LONDON — Senior British politicians lined up on Sunday to condemn plans by an independent body to grant them an 11-percent pay rise, embarrassed at how such largess will be perceived at a time of deep public spending cuts.
Ministers from the Conservative-Liberal Democrat coalition and the leader of the opposition Labor party have said they would not accept the extra cash.
But they have little power over the issue, after members of parliament (MPs) delegated salary decisions to a body of unelected officials in the wake of the 2009 expenses scandal.
The Independent Parliamentary Standards Authority (IPSA) is expected to recommend this week that MPs' pay rises from £66,396 to £74,000 — about $121,000 — a year after the 2015 election.
Research by the watchdog earlier this year found that 69 percent of MPs believe they are underpaid and on average, they suggested a salary of £86,250.
But Danny Alexander, the second most senior minister in the Treasury, on Sunday denounced the proposed 11-percent increase as "wholly inappropriate."
"Most people will find it utterly incomprehensible that at a time of pay restraint for the public sector, at a time of further squeezes on government spending, that IPSA should be recommending (that)," he told BBC television.

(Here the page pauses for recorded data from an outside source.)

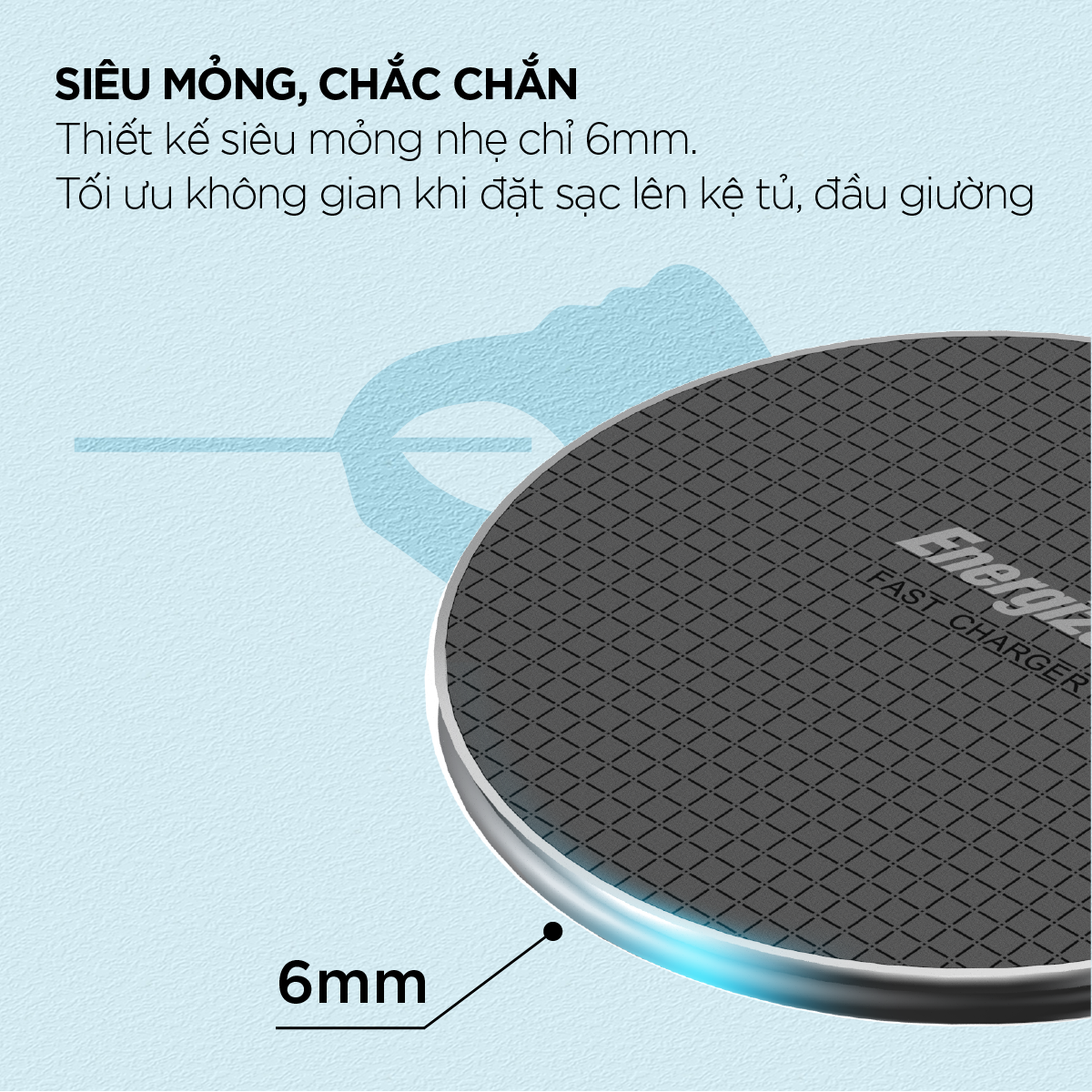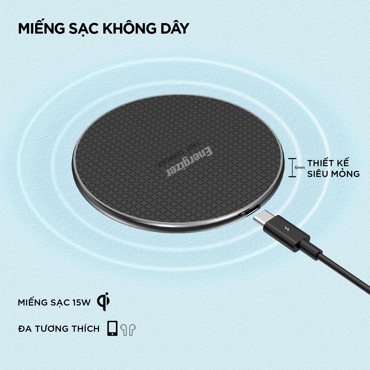 Đế sạc không dây Energizer Qi 15W - Thiết kế siêu mỏng, chạm là sạc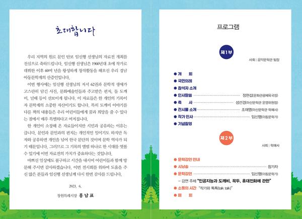 마산문학관 제54회 특별기획전 초대장 (아동문학가 임신행 자료전)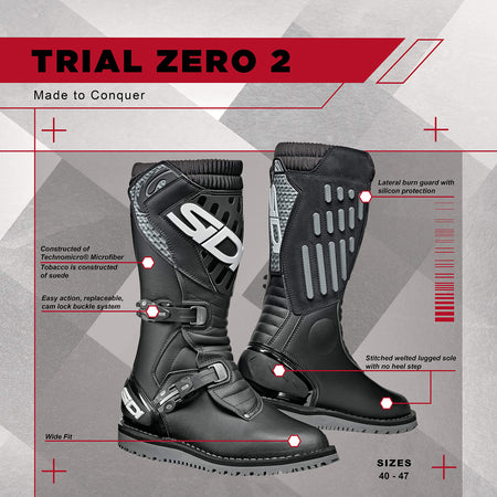 Master the trails with the Sidi Trial Zero 2 Boot, engineered for optimal balance, durability, and flexibility. Perfect for trial riders seeking superior grip and comfort in rugged terrains.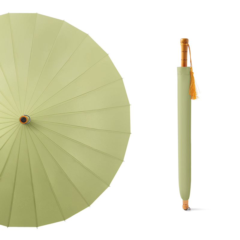 Name: 24-Rib Straight Umbrella Frame: Solid Wood with Fiber Fabric: SJ Impact Cloth Handle: Solid Wood Handle Specifications: 58.5cm Umbrella Diameter: 1106cm, Folded Length: 90cm Packaging: OPP Bag Quantity: 40 pieces/box Box Size: 100/25/25 Gross Weight: 24KG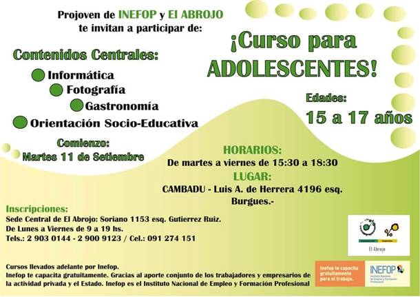 Publicado septiembre 1, 2012 en 610 × 431 en 120911 – desde 11 set – INEFOP y EL ABROJO: Curso para adolescentes 15 a 17 años

"I think it would be wholly inappropriate for MPs to get such a large pay rise at a time when every other public sector worker sees their pay rises capped at one percent.
"I have said in the past that of course, personally, I wouldn't accept it."
Defense Minister Philip Hammond echoed this message, saying that while there were good arguments for a pay increase — notably to attract professionals into parliament — this was "not the moment."
The coalition has since 2010 been implementing an austerity program to help reduce the deficit, and the spending cuts are not expected to ease for several years to come.
"So long as I'm the defense secretary presiding over a situation where the troops that serve our country so brilliantly are facing a one-percent pay rise, I won't be taking a pay increase," Hammond told BBC radio.
Conservative Prime Minister David Cameron has stopped short of pledging to reject the cash but his spokesman urged restraint from IPSA.
"We believe that the cost of politics should be going down, not up," the spokesman said.